#### DATA FOR PROCESSING

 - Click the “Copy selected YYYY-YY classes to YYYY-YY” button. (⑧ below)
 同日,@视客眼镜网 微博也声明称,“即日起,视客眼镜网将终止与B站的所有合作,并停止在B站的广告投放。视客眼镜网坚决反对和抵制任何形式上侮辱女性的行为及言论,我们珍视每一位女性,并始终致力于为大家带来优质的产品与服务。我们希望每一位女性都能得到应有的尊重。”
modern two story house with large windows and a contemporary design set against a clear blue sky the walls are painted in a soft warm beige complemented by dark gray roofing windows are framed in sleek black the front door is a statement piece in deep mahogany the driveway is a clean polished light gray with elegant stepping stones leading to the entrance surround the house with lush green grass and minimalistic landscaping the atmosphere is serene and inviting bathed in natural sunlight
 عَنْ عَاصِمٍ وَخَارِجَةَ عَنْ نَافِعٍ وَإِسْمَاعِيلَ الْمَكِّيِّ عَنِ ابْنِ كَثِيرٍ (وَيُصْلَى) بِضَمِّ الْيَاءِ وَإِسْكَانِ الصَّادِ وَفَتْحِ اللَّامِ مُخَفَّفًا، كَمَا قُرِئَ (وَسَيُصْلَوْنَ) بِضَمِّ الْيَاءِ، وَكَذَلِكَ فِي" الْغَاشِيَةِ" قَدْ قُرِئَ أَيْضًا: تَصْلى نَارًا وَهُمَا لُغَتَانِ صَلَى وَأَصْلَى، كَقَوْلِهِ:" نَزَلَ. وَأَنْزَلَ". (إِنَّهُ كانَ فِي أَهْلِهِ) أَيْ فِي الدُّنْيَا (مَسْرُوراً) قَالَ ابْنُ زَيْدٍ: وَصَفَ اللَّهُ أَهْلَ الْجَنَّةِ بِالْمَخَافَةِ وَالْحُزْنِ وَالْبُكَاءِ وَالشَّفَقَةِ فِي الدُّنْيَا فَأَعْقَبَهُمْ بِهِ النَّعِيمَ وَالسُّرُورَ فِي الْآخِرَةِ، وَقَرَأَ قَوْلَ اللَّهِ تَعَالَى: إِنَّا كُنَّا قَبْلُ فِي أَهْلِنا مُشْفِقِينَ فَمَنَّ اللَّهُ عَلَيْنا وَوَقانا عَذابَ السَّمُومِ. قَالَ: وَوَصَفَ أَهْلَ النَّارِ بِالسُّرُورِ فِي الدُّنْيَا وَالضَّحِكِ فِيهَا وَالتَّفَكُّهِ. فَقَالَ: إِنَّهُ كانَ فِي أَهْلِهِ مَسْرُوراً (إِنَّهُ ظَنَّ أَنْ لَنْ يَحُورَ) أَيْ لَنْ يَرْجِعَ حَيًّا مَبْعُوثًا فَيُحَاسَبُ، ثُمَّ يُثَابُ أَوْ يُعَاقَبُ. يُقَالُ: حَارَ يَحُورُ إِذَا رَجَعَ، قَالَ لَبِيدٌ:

########
#### DATA FOR PROCESSING

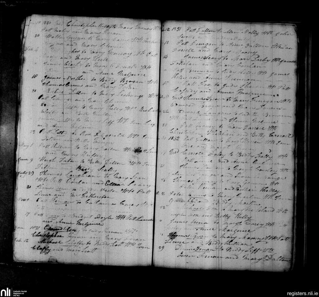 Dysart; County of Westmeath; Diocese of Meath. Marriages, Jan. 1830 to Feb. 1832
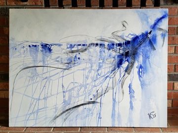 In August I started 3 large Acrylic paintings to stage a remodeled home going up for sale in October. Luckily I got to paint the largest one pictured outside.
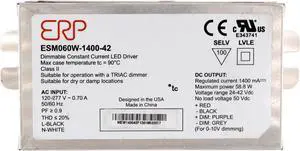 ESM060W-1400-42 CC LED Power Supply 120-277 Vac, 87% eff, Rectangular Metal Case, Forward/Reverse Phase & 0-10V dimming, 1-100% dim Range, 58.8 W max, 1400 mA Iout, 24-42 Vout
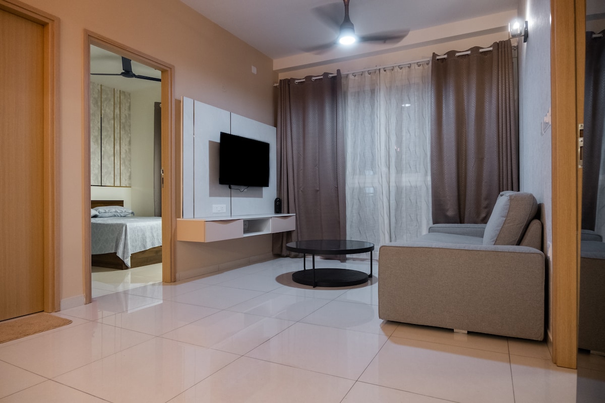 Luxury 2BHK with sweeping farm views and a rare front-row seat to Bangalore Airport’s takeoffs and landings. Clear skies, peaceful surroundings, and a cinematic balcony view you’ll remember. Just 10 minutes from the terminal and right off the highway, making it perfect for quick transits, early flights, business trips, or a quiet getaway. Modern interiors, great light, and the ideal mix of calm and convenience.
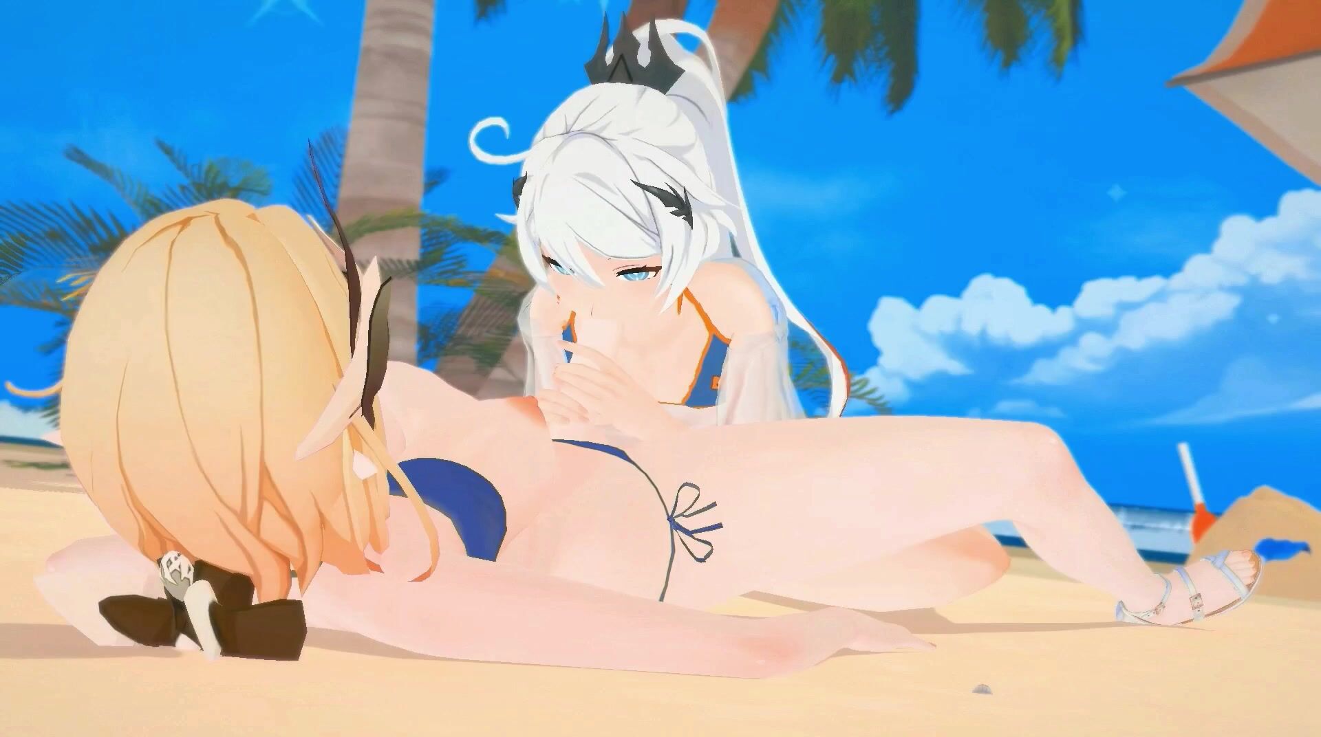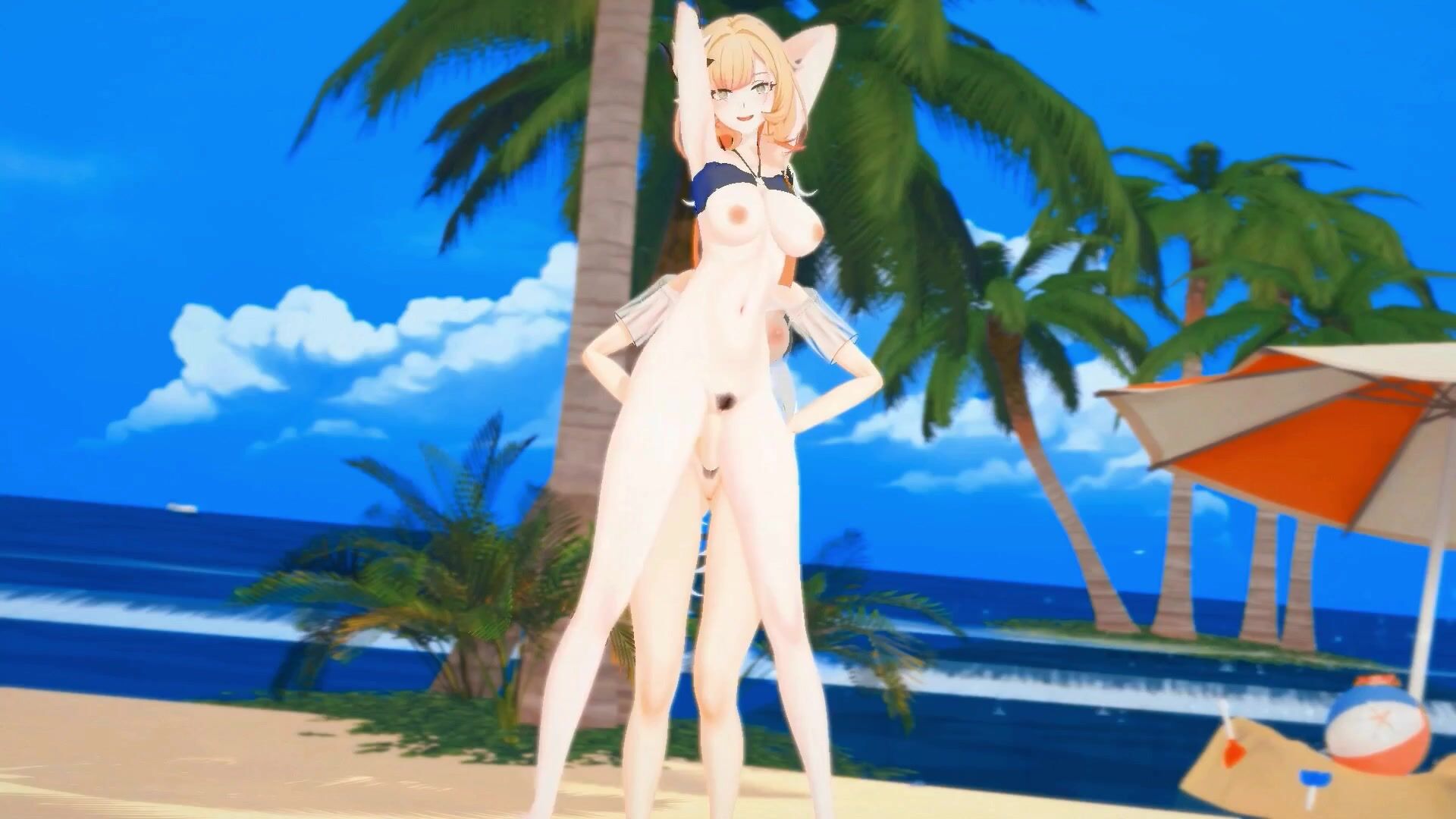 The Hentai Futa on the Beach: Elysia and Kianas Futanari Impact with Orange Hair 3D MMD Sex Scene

########
#### DATA FOR PROCESSING

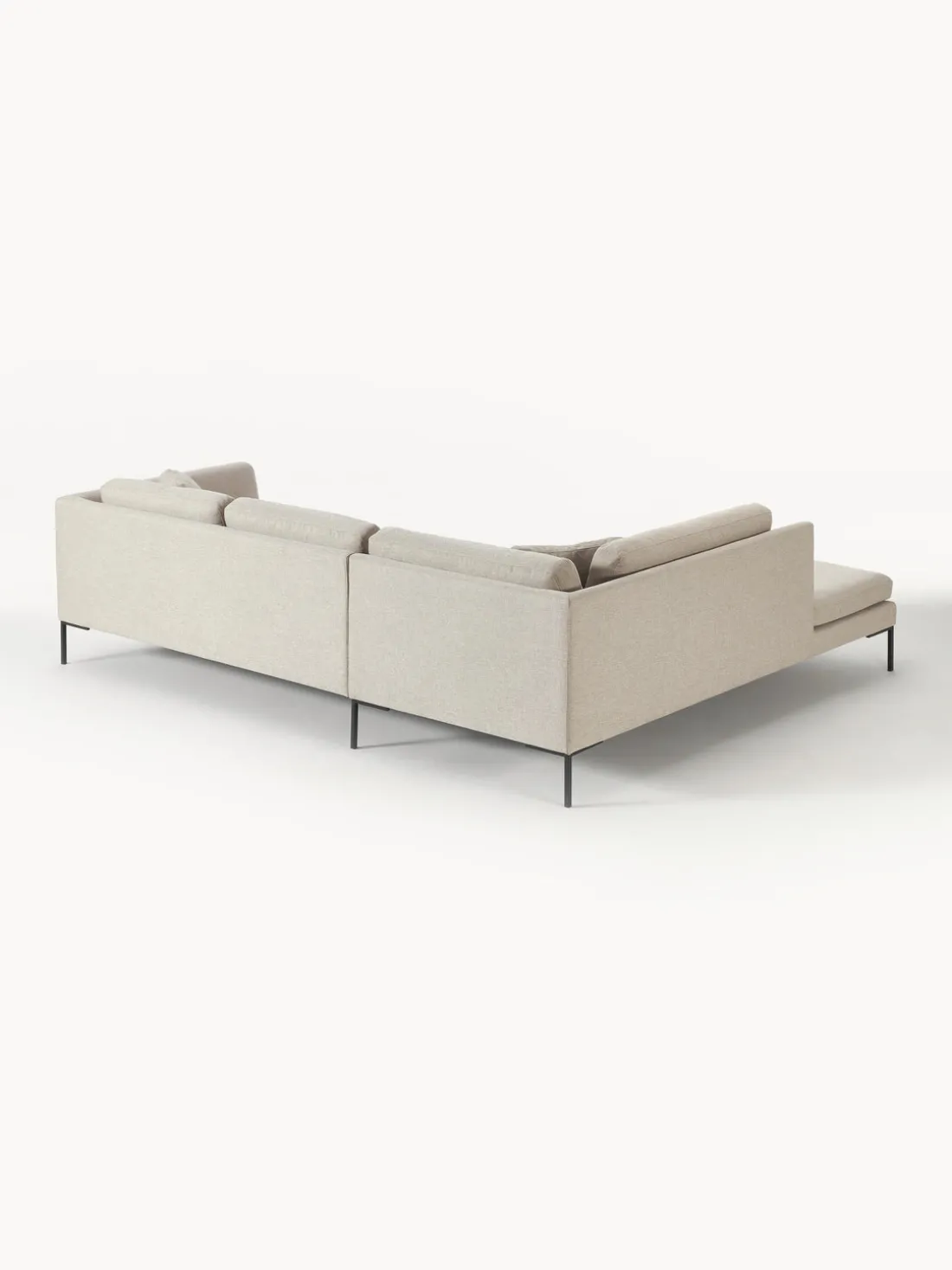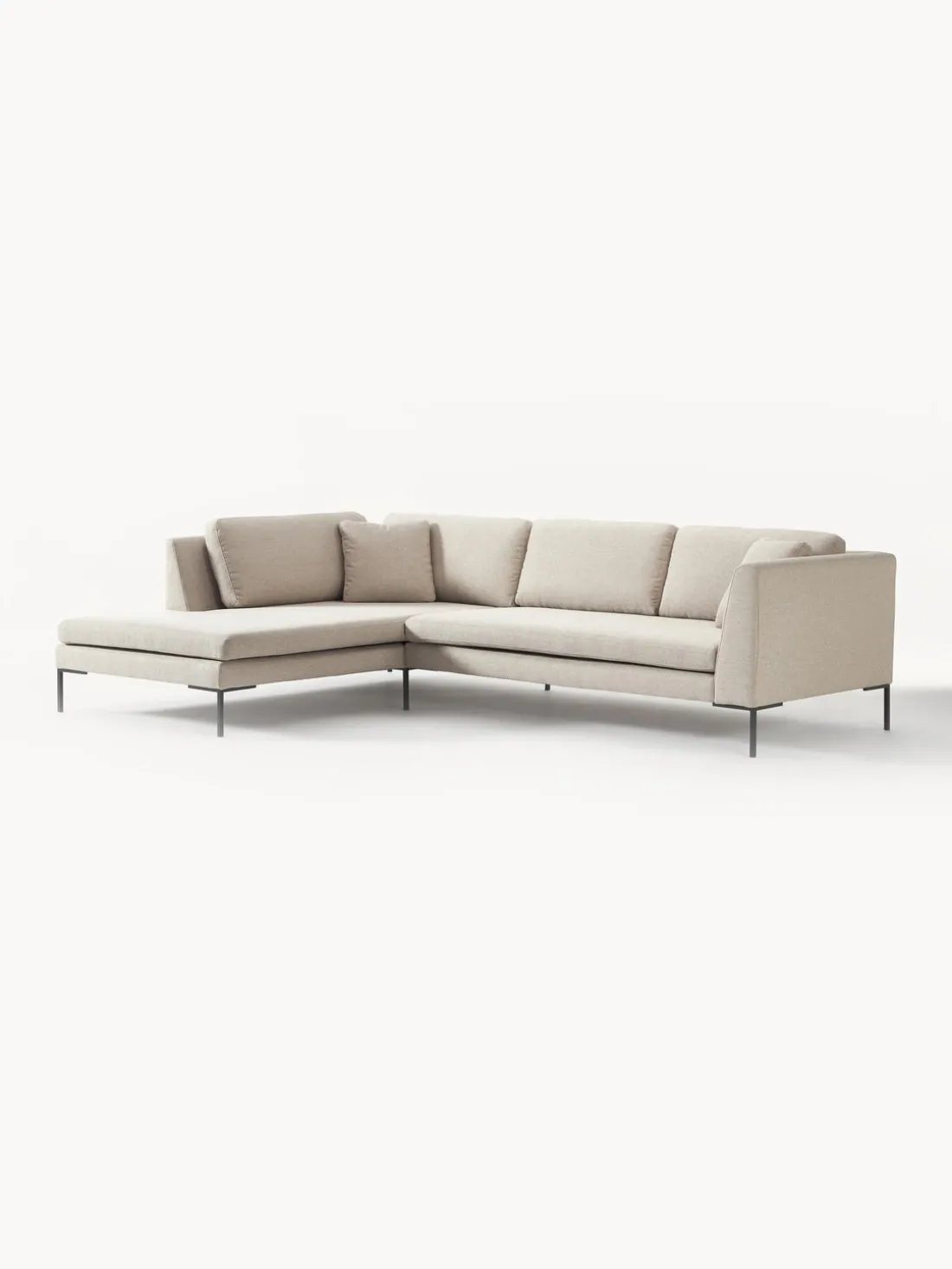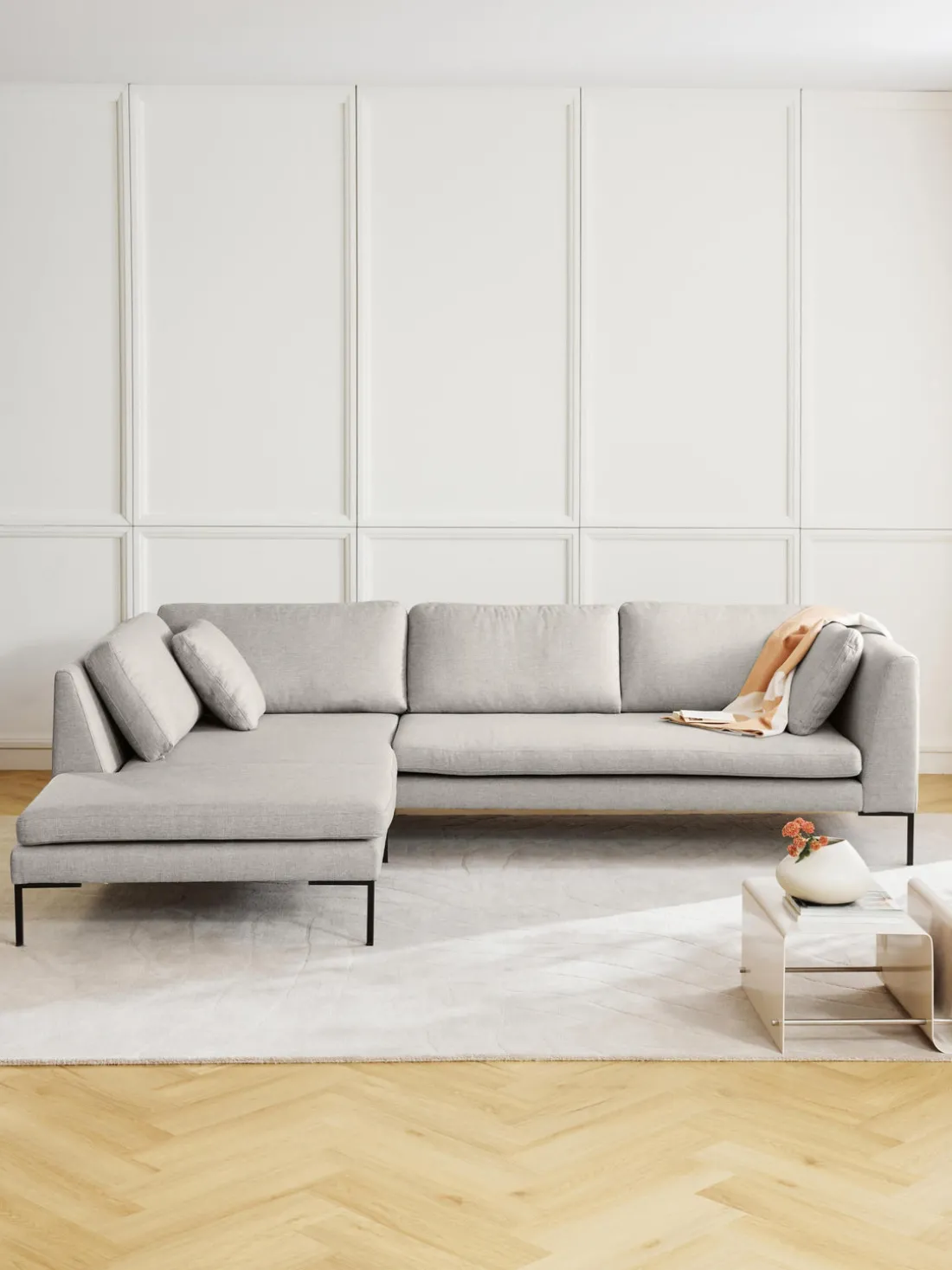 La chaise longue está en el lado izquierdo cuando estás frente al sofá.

########

(WORK TASK) Each line in the listing above from the one containing "- Click the" through the one containing "عَنْ عَاصِمٍ وَخَارِجَةَ" should be repeated exactly, and no other line.

(ANSWER)
 - Click the “Copy selected YYYY-YY classes to YYYY-YY” button. (⑧ below)
 同日,@视客眼镜网 微博也声明称,“即日起,视客眼镜网将终止与B站的所有合作,并停止在B站的广告投放。视客眼镜网坚决反对和抵制任何形式上侮辱女性的行为及言论,我们珍视每一位女性,并始终致力于为大家带来优质的产品与服务。我们希望每一位女性都能得到应有的尊重。”
modern two story house with large windows and a contemporary design set against a clear blue sky the walls are painted in a soft warm beige complemented by dark gray roofing windows are framed in sleek black the front door is a statement piece in deep mahogany the driveway is a clean polished light gray with elegant stepping stones leading to the entrance surround the house with lush green grass and minimalistic landscaping the atmosphere is serene and inviting bathed in natural sunlight
 عَنْ عَاصِمٍ وَخَارِجَةَ عَنْ نَافِعٍ وَإِسْمَاعِيلَ الْمَكِّيِّ عَنِ ابْنِ كَثِيرٍ (وَيُصْلَى) بِضَمِّ الْيَاءِ وَإِسْكَانِ الصَّادِ وَفَتْحِ اللَّامِ مُخَفَّفًا، كَمَا قُرِئَ (وَسَيُصْلَوْنَ) بِضَمِّ الْيَاءِ، وَكَذَلِكَ فِي" الْغَاشِيَةِ" قَدْ قُرِئَ أَيْضًا: تَصْلى نَارًا وَهُمَا لُغَتَانِ صَلَى وَأَصْلَى، كَقَوْلِهِ:" نَزَلَ. وَأَنْزَلَ". (إِنَّهُ كانَ فِي أَهْلِهِ) أَيْ فِي الدُّنْيَا (مَسْرُوراً) قَالَ ابْنُ زَيْدٍ: وَصَفَ اللَّهُ أَهْلَ الْجَنَّةِ بِالْمَخَافَةِ وَالْحُزْنِ وَالْبُكَاءِ وَالشَّفَقَةِ فِي الدُّنْيَا فَأَعْقَبَهُمْ بِهِ النَّعِيمَ وَالسُّرُورَ فِي الْآخِرَةِ، وَقَرَأَ قَوْلَ اللَّهِ تَعَالَى: إِنَّا كُنَّا قَبْلُ فِي أَهْلِنا مُشْفِقِينَ فَمَنَّ اللَّهُ عَلَيْنا وَوَقانا عَذابَ السَّمُومِ. قَالَ: وَوَصَفَ أَهْلَ النَّارِ بِالسُّرُورِ فِي الدُّنْيَا وَالضَّحِكِ فِيهَا وَالتَّفَكُّهِ. فَقَالَ: إِنَّهُ كانَ فِي أَهْلِهِ مَسْرُوراً (إِنَّهُ ظَنَّ أَنْ لَنْ يَحُورَ) أَيْ لَنْ يَرْجِعَ حَيًّا مَبْعُوثًا فَيُحَاسَبُ، ثُمَّ يُثَابُ أَوْ يُعَاقَبُ. يُقَالُ: حَارَ يَحُورُ إِذَا رَجَعَ، قَالَ لَبِيدٌ:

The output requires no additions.